Aim of the exercise: Without the pictures, output the records below word for word.

----

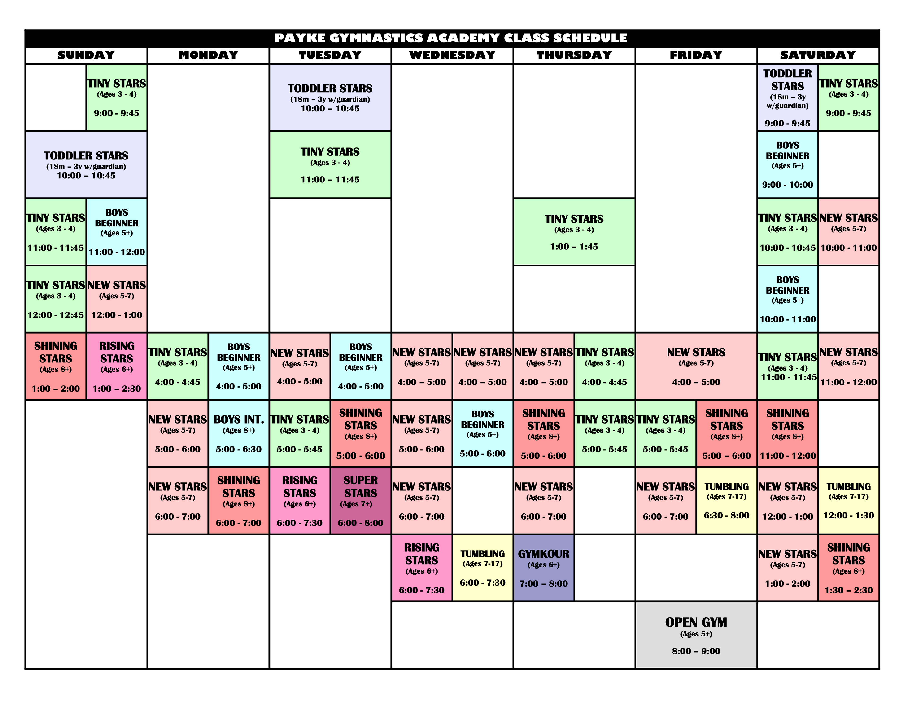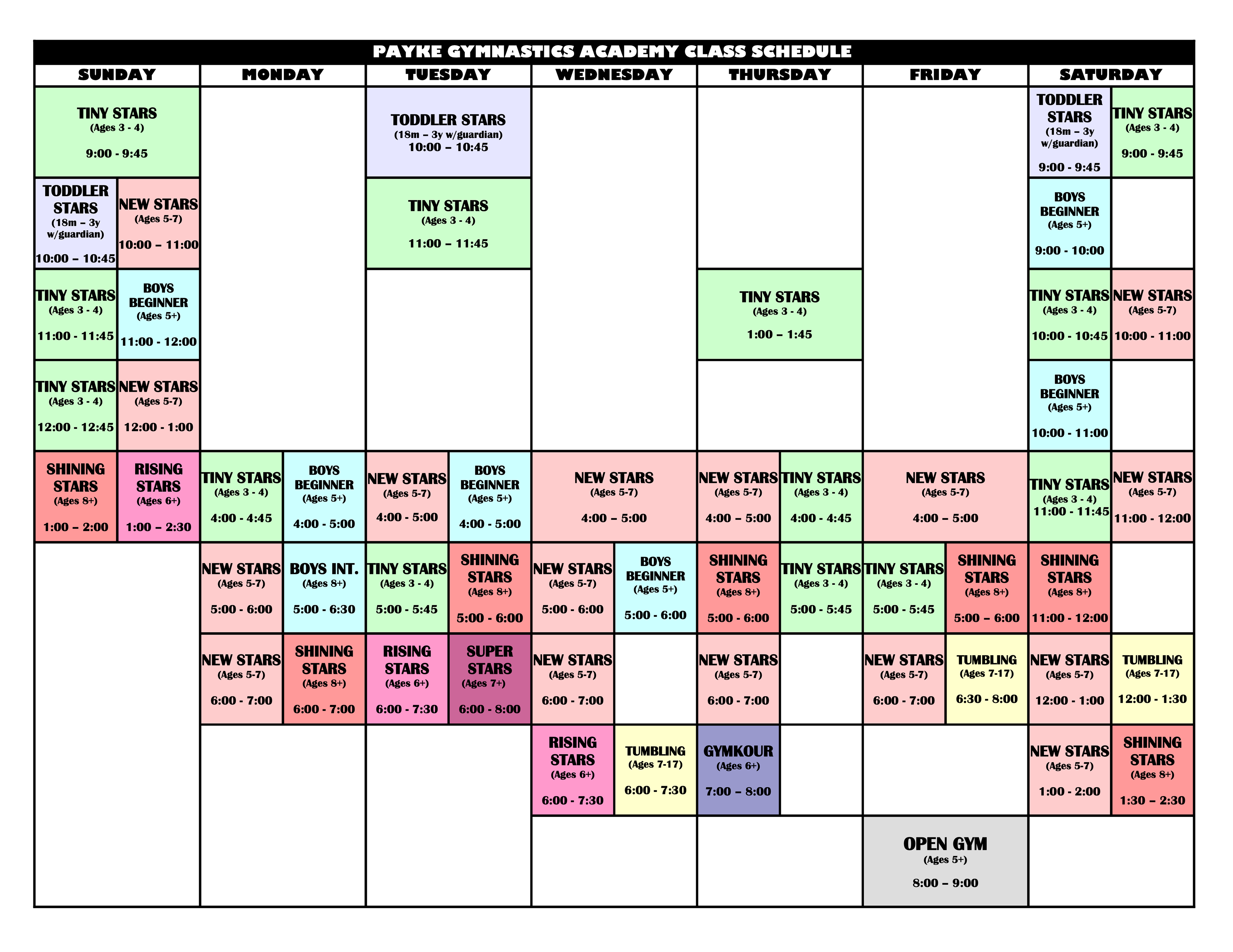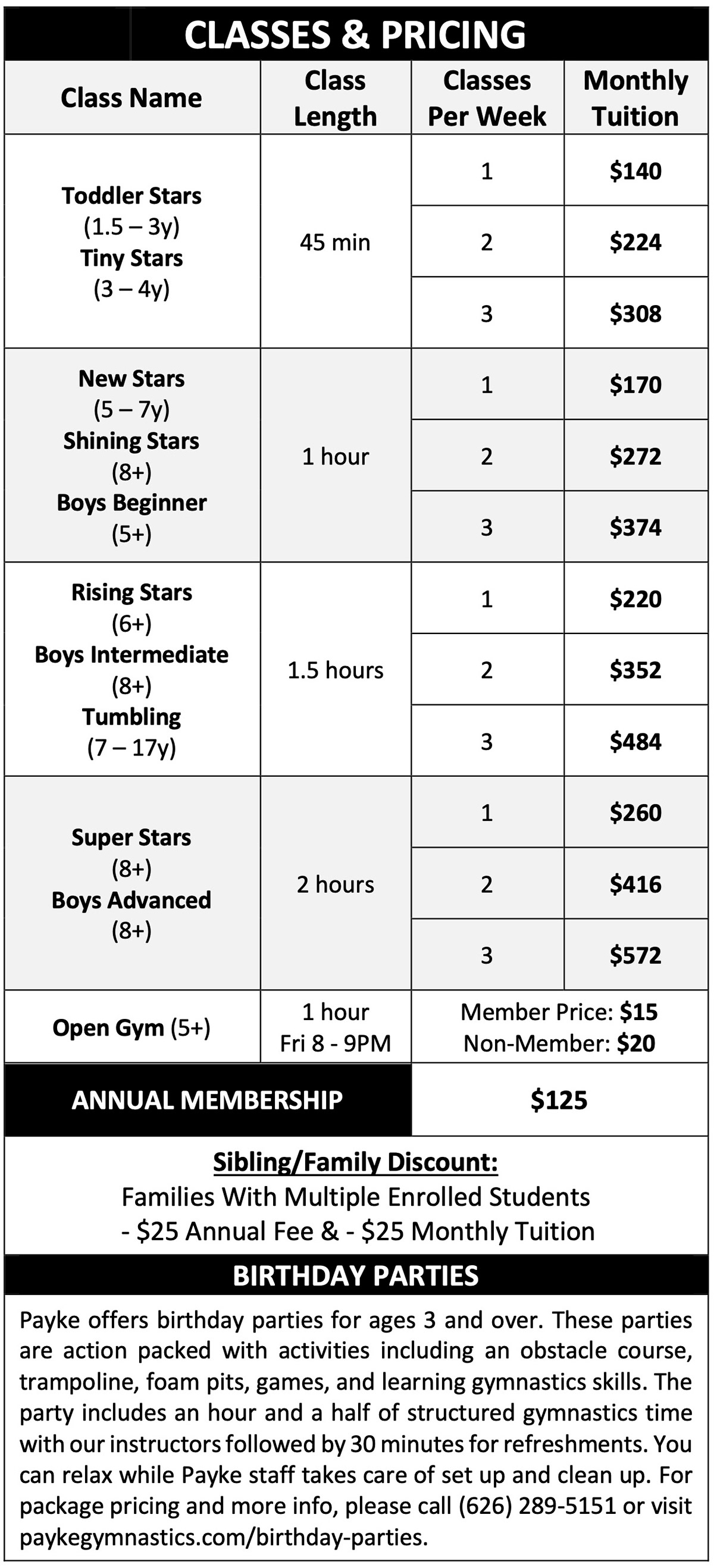 we offer recreational classes from 18 months through adult classes alongside boys + Girls competitive teams
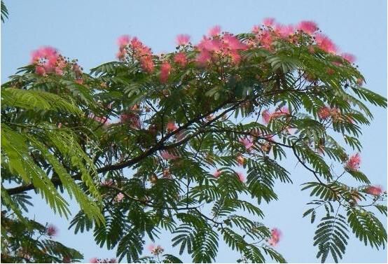 日當(dāng)中天,公園里高大的合歡樹顯得精神抖擻,它那羽狀的葉子在空中很瀟 灑地舒展著。可等到夜霧降臨之時(shí),那羽狀葉便悄無聲息地折合起來,睡意朦朧, 它也要睡覺了。
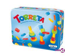 Dès 4 ans 1 boite en fer 25 éléments de construction en bois, 1 dé multicolore, 1 dé à points(1-6) en bois, 1 règle de jeu |
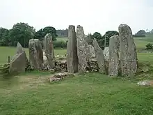 La tumba en sí tiene dos cámaras. La cámara exterior, a la que se entraba por la fachada, contenía un fragmento de un hacha ceremonial de jadeíta, junto con fragmentos de cerámica neolítica y una punta de flecha en forma de hoja. El ajuar funerario tardío comprendía vasos de cerámica de Peterborough y del vaso campaniforme y un cuchillo de pedernal. La cámara interior estaba construida como una caja cerrada y era inaccesible desde la exterior.[3] Probablemente originalmente estaba techado por una gran losa de piedra que descansaba sobre las dos losas del extremo más altas. La cámara interior contenía una cista secundaria, con vasos de alimentos y una piedra tallada en forma de copa y anillo.
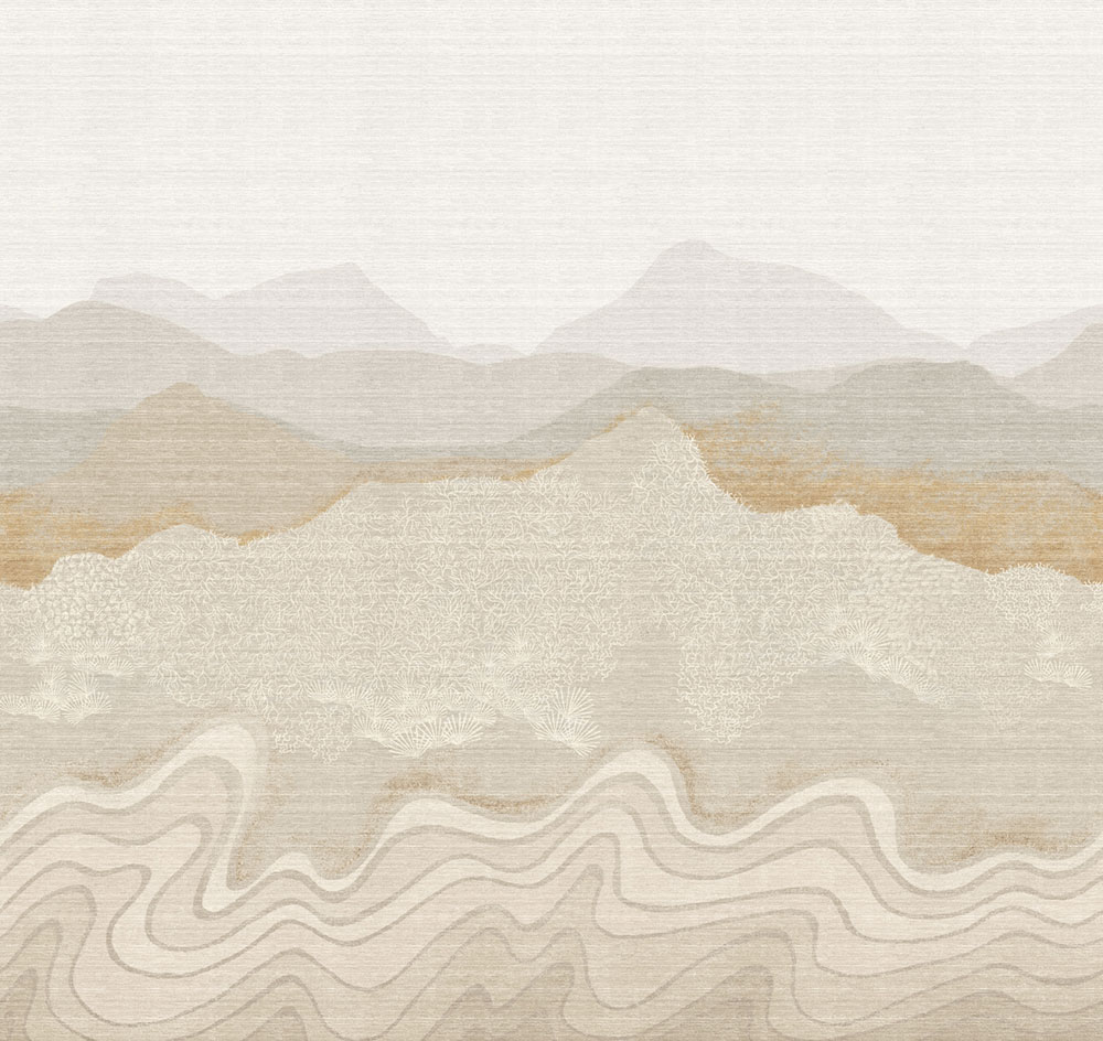 Vliesová obrazová tapeta na zeď, jemně plastická látková textura, motiv horské krajiny v odstínech šedé a béžové.
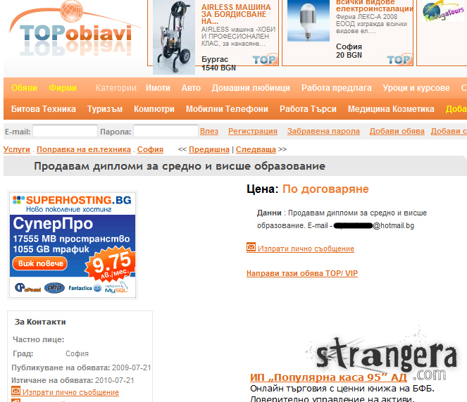 UPDATE: УОУ! Историята продължава! Въпросната обява вече е свалена от сайта, но Георги М. е писал на мейла и даже е получил отговор! Цялата потресаваща история, можете да прочетете в блога му – Пък моята диплома е само 1400 лв. [damusenevidi.blogspot.com]
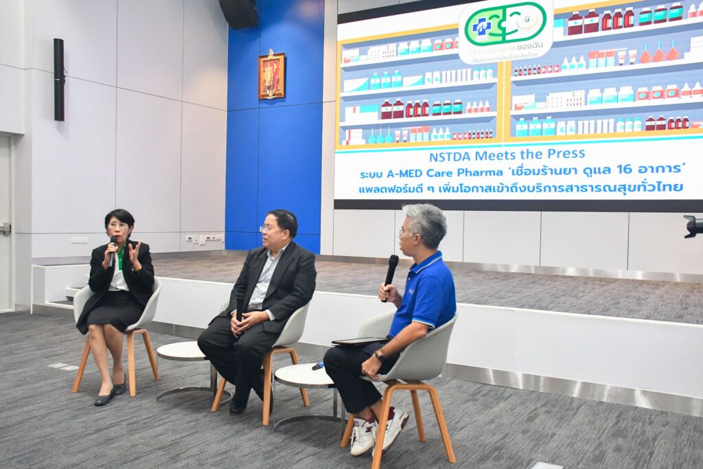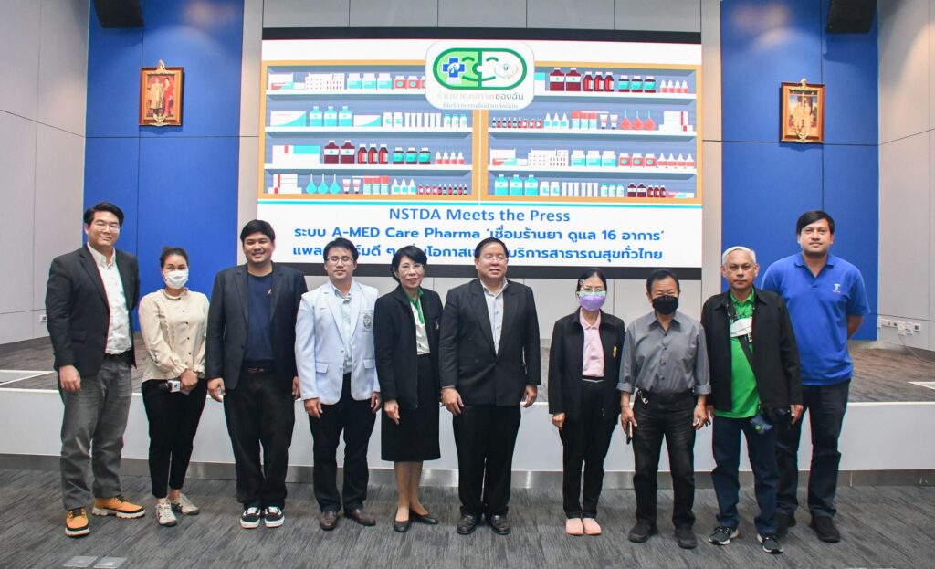 เมื่อวันที่ 16 สิงหาคม 2566 ณ สำนักงานพัฒนาวิทยาศาสตร์และเทคโนโลยีแห่งชาติ (สวทช.) อาคารโยธีนำโดย ดร.กิตติ วงศ์ถาวราวัฒน์ ผู้อำนวยการกลุ่มแพลตฟอร์มบริการทางการแพทย์ดิจิทัล (Digital Healthcare Platform) สำนักงานพัฒนาวิทยาศาสตร์และเทคโนโลยีแห่งชาติ (สวทช.) พร้อมด้วยทีมวิจัย A-MED (สวทช.) และ ภญ.เพ็ญทิพา แก้วเกตุทอง ผู้อำนวยการสำนักงานรับรองร้านยาคุณภาพ สภาเภสัชกรรม เปิดสัมภาษณ์พิเศษในกิจกรรม NSTDA Meets the Press เรื่อง ระบบ A-MED Care Pharma บริการ ‘เชื่อมร้านยา ดูแล 16 อาการ’ แพลตฟอร์มดีๆ เพิ่มโอกาสเข้าถึงบริการสาธารณสุขทั่วไทย โดยเทคโนโลยี A-MED Care แพลตฟอร์มหลังบ้านในการบริหารจัดการ การเบิกจ่ายค่ารักษาพยาบาลตามสิทธิบัตรทอง เพื่อสนับสนุนการทำงานของสำนักงานหลักประกันสุขภาพแห่งชาติ (สปสช.) และสภาเภสัชกรรม หนึ่งในบริการของแพลตฟอร์มบริการทางการแพทย์ดิจิทัล ซึ่งเป็น Core Business ของ (สวทช.) โดยมุ่งเป้าใช้นวัตกรรมแก้ไขปัญหาเรื่องความแออัดของหน่วยบริการสาธารณสุข ช่วยประชาชนเข้าถึงการรักษาอย่างทั่วถึงและเท่าเทียม
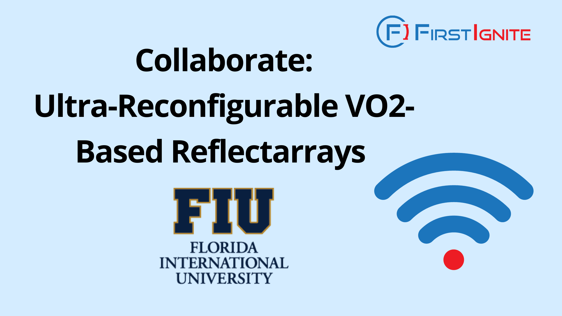 FirstIgnite is supporting the commercialization of Florida International University’s ultra-reconfigurable VO2-based reflectarrays technology, which is a platform that increases efficiency in signal transmission using the unique properties of vanadium dioxide. This innovative approach utilizes a heating element for targeted reconfiguration, ultimately enhancing signal transmission efficiency.
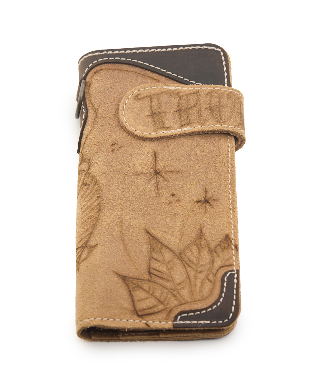 Portafoglio vintage realizzato in pelle scamosciata con inserti in pelle ingrassata, che garantisce resistenza e durata nel tempo. Lavorazione artigianale che conferisce al prodotto un carattere unico e distintivo. Ogni pezzo racconta una storia di qualità e attenzione ai dettagli, incarnando lo spirito del passato con un tocco di autenticità e uno stile senza tempo. Pirografato a mano da A.C Longboards con disegno cervo.
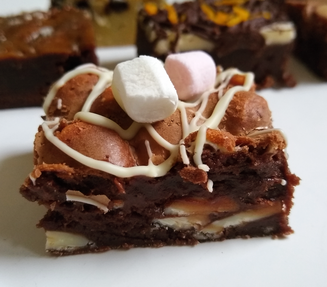 Mars bar — Plied with a veritable heap of chopped up Mars bars. Baked to fudgy, chewy perfection, and then finished with some more.

----

Task solution:
 we offer recreational classes from 18 months through adult classes alongside boys + Girls competitive teams
 日當(dāng)中天,公園里高大的合歡樹顯得精神抖擻,它那羽狀的葉子在空中很瀟 灑地舒展著。可等到夜霧降臨之時(shí),那羽狀葉便悄無聲息地折合起來,睡意朦朧, 它也要睡覺了。
 Dès 4 ans 1 boite en fer 25 éléments de construction en bois, 1 dé multicolore, 1 dé à points(1-6) en bois, 1 règle de jeu |
 La tumba en sí tiene dos cámaras. La cámara exterior, a la que se entraba por la fachada, contenía un fragmento de un hacha ceremonial de jadeíta, junto con fragmentos de cerámica neolítica y una punta de flecha en forma de hoja. El ajuar funerario tardío comprendía vasos de cerámica de Peterborough y del vaso campaniforme y un cuchillo de pedernal. La cámara interior estaba construida como una caja cerrada y era inaccesible desde la exterior.[3] Probablemente originalmente estaba techado por una gran losa de piedra que descansaba sobre las dos losas del extremo más altas. La cámara interior contenía una cista secundaria, con vasos de alimentos y una piedra tallada en forma de copa y anillo.
 Vliesová obrazová tapeta na zeď, jemně plastická látková textura, motiv horské krajiny v odstínech šedé a béžové.
 UPDATE: УОУ! Историята продължава! Въпросната обява вече е свалена от сайта, но Георги М. е писал на мейла и даже е получил отговор! Цялата потресаваща история, можете да прочетете в блога му – Пък моята диплома е само 1400 лв. [damusenevidi.blogspot.com]
 เมื่อวันที่ 16 สิงหาคม 2566 ณ สำนักงานพัฒนาวิทยาศาสตร์และเทคโนโลยีแห่งชาติ (สวทช.) อาคารโยธีนำโดย ดร.กิตติ วงศ์ถาวราวัฒน์ ผู้อำนวยการกลุ่มแพลตฟอร์มบริการทางการแพทย์ดิจิทัล (Digital Healthcare Platform) สำนักงานพัฒนาวิทยาศาสตร์และเทคโนโลยีแห่งชาติ (สวทช.) พร้อมด้วยทีมวิจัย A-MED (สวทช.) และ ภญ.เพ็ญทิพา แก้วเกตุทอง ผู้อำนวยการสำนักงานรับรองร้านยาคุณภาพ สภาเภสัชกรรม เปิดสัมภาษณ์พิเศษในกิจกรรม NSTDA Meets the Press เรื่อง ระบบ A-MED Care Pharma บริการ ‘เชื่อมร้านยา ดูแล 16 อาการ’ แพลตฟอร์มดีๆ เพิ่มโอกาสเข้าถึงบริการสาธารณสุขทั่วไทย โดยเทคโนโลยี A-MED Care แพลตฟอร์มหลังบ้านในการบริหารจัดการ การเบิกจ่ายค่ารักษาพยาบาลตามสิทธิบัตรทอง เพื่อสนับสนุนการทำงานของสำนักงานหลักประกันสุขภาพแห่งชาติ (สปสช.) และสภาเภสัชกรรม หนึ่งในบริการของแพลตฟอร์มบริการทางการแพทย์ดิจิทัล ซึ่งเป็น Core Business ของ (สวทช.) โดยมุ่งเป้าใช้นวัตกรรมแก้ไขปัญหาเรื่องความแออัดของหน่วยบริการสาธารณสุข ช่วยประชาชนเข้าถึงการรักษาอย่างทั่วถึงและเท่าเทียม
 FirstIgnite is supporting the commercialization of Florida International University’s ultra-reconfigurable VO2-based reflectarrays technology, which is a platform that increases efficiency in signal transmission using the unique properties of vanadium dioxide. This innovative approach utilizes a heating element for targeted reconfiguration, ultimately enhancing signal transmission efficiency.
 Portafoglio vintage realizzato in pelle scamosciata con inserti in pelle ingrassata, che garantisce resistenza e durata nel tempo. Lavorazione artigianale che conferisce al prodotto un carattere unico e distintivo. Ogni pezzo racconta una storia di qualità e attenzione ai dettagli, incarnando lo spirito del passato con un tocco di autenticità e uno stile senza tempo. Pirografato a mano da A.C Longboards con disegno cervo.
 Mars bar — Plied with a veritable heap of chopped up Mars bars. Baked to fudgy, chewy perfection, and then finished with some more.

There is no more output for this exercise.